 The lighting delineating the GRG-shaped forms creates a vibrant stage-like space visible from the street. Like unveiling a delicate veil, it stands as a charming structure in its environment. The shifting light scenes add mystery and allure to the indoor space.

____

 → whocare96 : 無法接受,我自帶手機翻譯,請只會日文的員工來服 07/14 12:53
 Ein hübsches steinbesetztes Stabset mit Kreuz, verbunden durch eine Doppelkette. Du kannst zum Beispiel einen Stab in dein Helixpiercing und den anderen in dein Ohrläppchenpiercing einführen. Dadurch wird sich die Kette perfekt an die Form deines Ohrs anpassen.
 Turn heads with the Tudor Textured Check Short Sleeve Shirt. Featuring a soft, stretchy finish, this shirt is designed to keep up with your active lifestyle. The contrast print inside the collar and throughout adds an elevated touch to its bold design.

____

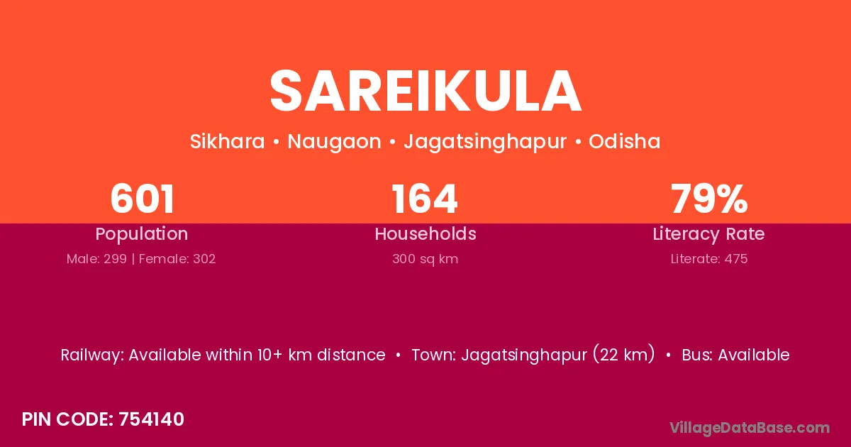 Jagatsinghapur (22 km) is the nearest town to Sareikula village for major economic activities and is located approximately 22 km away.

____

• **About this task**:
With the line holding "無法接受,我自帶手機翻譯,請只會日文的員工來服 07/14 12:53" as the first and the line holding "Turn heads with" as the last, please transcribe exactly the lines of the material above in that range and nothing else.

• **Response to this exercise**:
 → whocare96 : 無法接受,我自帶手機翻譯,請只會日文的員工來服 07/14 12:53
 Ein hübsches steinbesetztes Stabset mit Kreuz, verbunden durch eine Doppelkette. Du kannst zum Beispiel einen Stab in dein Helixpiercing und den anderen in dein Ohrläppchenpiercing einführen. Dadurch wird sich die Kette perfekt an die Form deines Ohrs anpassen.
 Turn heads with the Tudor Textured Check Short Sleeve Shirt. Featuring a soft, stretchy finish, this shirt is designed to keep up with your active lifestyle. The contrast print inside the collar and throughout adds an elevated touch to its bold design.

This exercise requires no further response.